To understand this, we need to look at Sarri’s first season at Napoli, and Pep Guardiola’s first season at Manchester City.

Maurizio Sarri lost his first league game in charge of Napoli, 2-1 Sassuolo. He only one won of his first five games in charge. At the end of the season they lost 3 of the last 7 games, losing 6 league games during the season, finishing 2nd with 82 points. 

So, let’s break this down. 

After 21 league games of the 15/16 season, Napoli’s record was won 14, lost 2 and drawn 5. 

After 21 league games this year, Chelsea have won 12, lost 4 and drawn 5. 

The records are very, very similar. 

Now let’s jump to Pep’s first season, because there are even more similarities here. Because after 21 league games, City had won 13, drawn 3, and lost 5 – and were actually two points worse off that Chelsea are currently (with, it must be said, a superior squad to our current crop). 

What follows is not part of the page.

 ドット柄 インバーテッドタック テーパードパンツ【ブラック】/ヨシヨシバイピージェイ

The point is, to implement a footballing philosophy, rather than simple tactical formation, takes time. 

And this brings me to my next point. Chelsea have, for at least 5-6 years, played a counter-attacking, more defensive, low-block style of football. Their instincts are trained to kick the ball long, direct, sit back and wait for teams to come on, and hit on the counter attack. 

Over time, this has been drilled into our players. Not just their minds, but their bodies. Their instincts, muscle memories, are all about counter attacking, more direct football. 

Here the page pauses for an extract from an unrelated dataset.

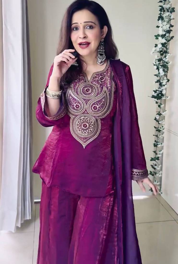 | Product Description | Make A Bold Statement In This Deep Maroon Toned Ethnic Set. The Kurta Is Distinguished By Heavy Antique Gold Embroidery And A Unique Structured Neckline. Crafted From Premium Fabric With A Subtle Sheen, This Outfit Includes A Matching Dupatta And Sleek Trousers, Perfect For Winter Weddings And Grand Celebratory Dinners. |

To change the philosophy, and play Sarri’s style with the pace and intensity, and confidence which it needs, means players need to unlearn old instincts, habits, and mentality, and to retrain their bodies and minds to think and react differently. Learn new instincts. And this takes time when you’ve been playing a certain way most of your career. 

That’s the reason we’re not playing Sarri’s football at the pace and with the confidence of Napoli last year, or even the year before. Because most of our players – Jorginho apart – still have to think about what they’re doing on the pitch, still have to choose to Sarri way consciously. That slows the play down, and means you’re not playing with quite as much confidence yet. 

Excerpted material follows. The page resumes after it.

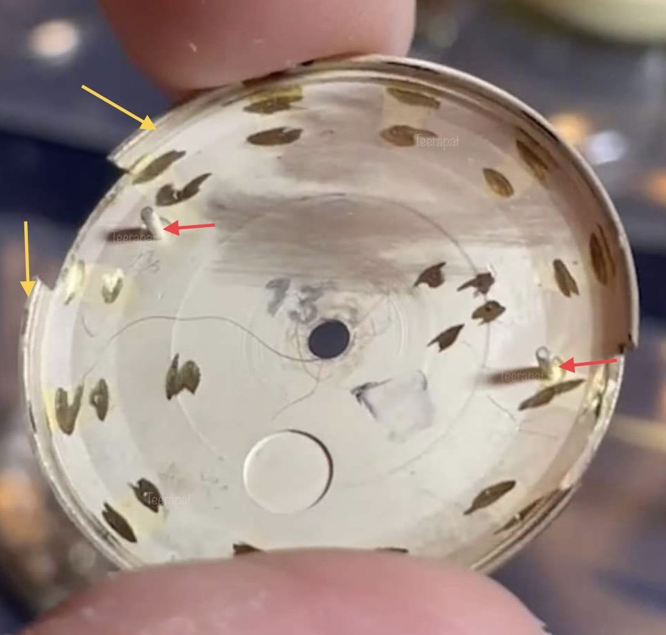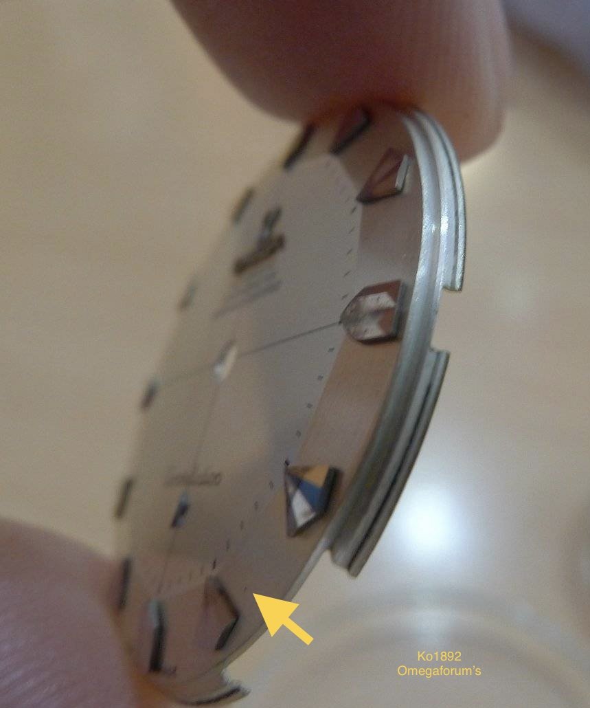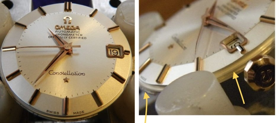 Please note that the correct dial for the dogleg case will have the elevated rim of dial (the yellow arrows) and two dial legs (the red arrows).

This brings me to the next point. When you’re learning a philosophy and things go wrong, it’s easy to return to old habits. Our performances have shown that we can play Sarri’s way with a degree of confidence when we’re level or in front, but as soon as a team plays a low block, or gets a goal, we lose our confidence, our heads, and our football – and start returning to old mentality, old style. It’s slowly changing, but it’s going to take more time to implement. 

The final point. Sarri only had a short-pre-season and a tight transfer window, with players returning late from a World Cup. He had barely any time to assess the squad, to see what he needed to change, or start work with the full squad, before the season started.

Chelsea know we need dramatic changes in the squad. We have ageing attackers in Willian and Pedro – Chelsea are already beginning to address this with the signing of Christian Pulisic, and both strikers need replacing. We may well need a CB soon if both Cahill and Luiz depart, and a new RB to replace the soon to go Zappacosta. 

That’s why this and the next transfer window are so important. It will finally give Sarri the chance to rebuild the squad, inject more quality, more pace, more goals, and fresh energy. Players who are more suited to his style of play. And next season he’ll have a full pre-season to prepare these players, a summer less distracted by negotiations over his future, where he can focus fully on his work. 

Napoli’s story tells us his teams and their football improved season on season. More points, more goals, more wins, and better football. Maurizio Sarri said back in the summer it would take time to implement his system, and there could be some defeats along the way. 

All you need to do is scour YouTube for Napoli last season, and you’ll see what Sarrismo or Sarriball is meant to look like. And given time, and the right players, this is what Sarri can and will bring to Chelsea.

It’s up to Chelsea and the fans now, to give him that time.